Retype only what runs from the first line of the records to the line with "在点击了退出360桌面助手的", inclusive, and no pictures.
::::
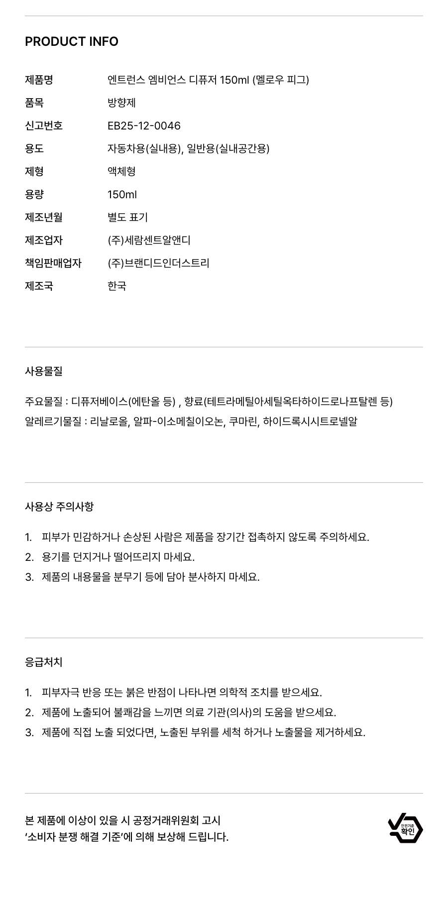 * 일부 유리병에 디퓨저 액 용량(150ml)이 아닌 용기 최대 용량(200ml)이 표기된 경우가 있습니다. 제품에는 이상이 없으니 참고 부탁드립니다.
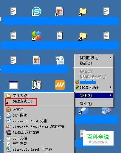 在点击了退出360桌面助手的功能按钮确定之后,我们返回到桌面,显示被360桌面助手收集归纳的软件应用图标和文件以及文件夹全部在桌面上重新显示了出来。然后我们再重新右键点击桌面空白处弹出下拉菜单,同样在下拉菜单功能列表中显示有快捷方式的新建功能.可以进入新建快捷方式的功能.
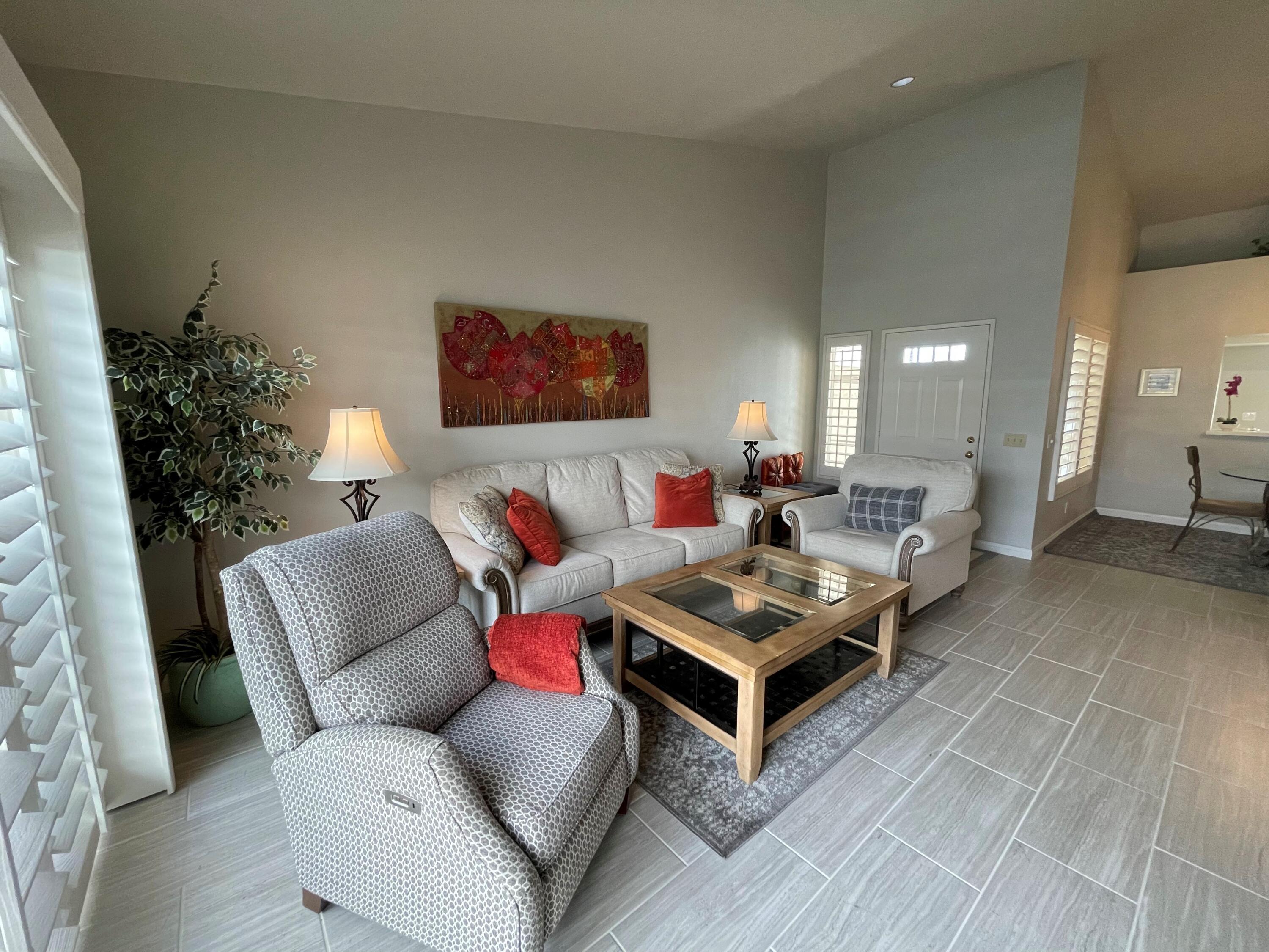 This is the off season rate. Available May 2024. Fabulous seasonal rental opportunity! Spectacular single level Villa overlooking beautiful pool/spa, and greenbelt! No one above or below your Villa! Great patio with BBQ. Kitchen upgrades include newer stainless appliances, cabinetry and quartz counters. Master bath upgraded with newer cabinetry, quartz counters and custom shower. Guest bath newer cabinetry. All tile floors in the main living area. High ceilings, custom interior paint! Updated furnishings! Fireplace! Media center! Plantation shutters! Large master suite with double mirrored closets! Opulent master bath with double sink vanity, walls of mirrors and a custom tile walk in shower! Guest suite and guest bath separated from the master suite for privacy! Well stocked kitchen open to the dining and great room! Utility room! Large garage with storage cabinets! Enjoy the Desert Falls lifestyle in this perfect setting! Available June 1st. Leased Jan-April 2024. Lower rates in the off season.Interested in this Listing?
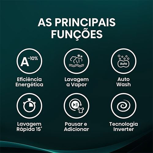 Tambor em Aço inoxidável | Lavagem rápida 15´ | Bloqueio para crianças
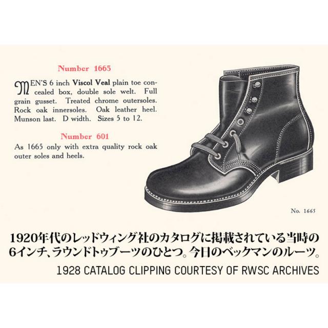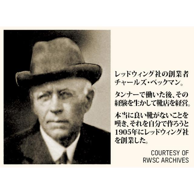 1905 年にレッドウィング社を創業したチャールズ・ベックマンにちなんで名付けられた「ベックマンブーツ」は、社の創業期である20 世紀初頭のレッドウィング社のブーツをベースに、今?の素材とテイストをミックスして2006年に誕?しました。
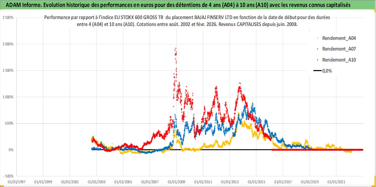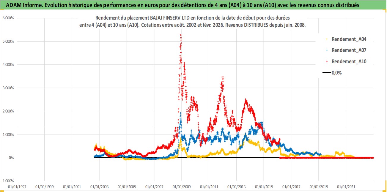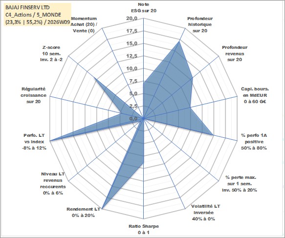 Site dédié aux investisseursPage dédiée sur site financeAnalyse des valorisations hebdomadaires de l'action BAJAJ FINSERV LTD. Cet actif est cote en INR. Les valorisations sont en contrevaleur EURO et couvrent les semaines 2002W33 a 2026W09. Les revenus de cet actif financier sont pris en compte depuis la semaine 2008W26. La note globale ESG de cet actif est estimee a 7.0 (apres rebasage entre 0 et 20).
::::
■ **RESPONSE TO THE TASK**
 * 일부 유리병에 디퓨저 액 용량(150ml)이 아닌 용기 최대 용량(200ml)이 표기된 경우가 있습니다. 제품에는 이상이 없으니 참고 부탁드립니다.
 在点击了退出360桌面助手的功能按钮确定之后,我们返回到桌面,显示被360桌面助手收集归纳的软件应用图标和文件以及文件夹全部在桌面上重新显示了出来。然后我们再重新右键点击桌面空白处弹出下拉菜单,同样在下拉菜单功能列表中显示有快捷方式的新建功能.可以进入新建快捷方式的功能.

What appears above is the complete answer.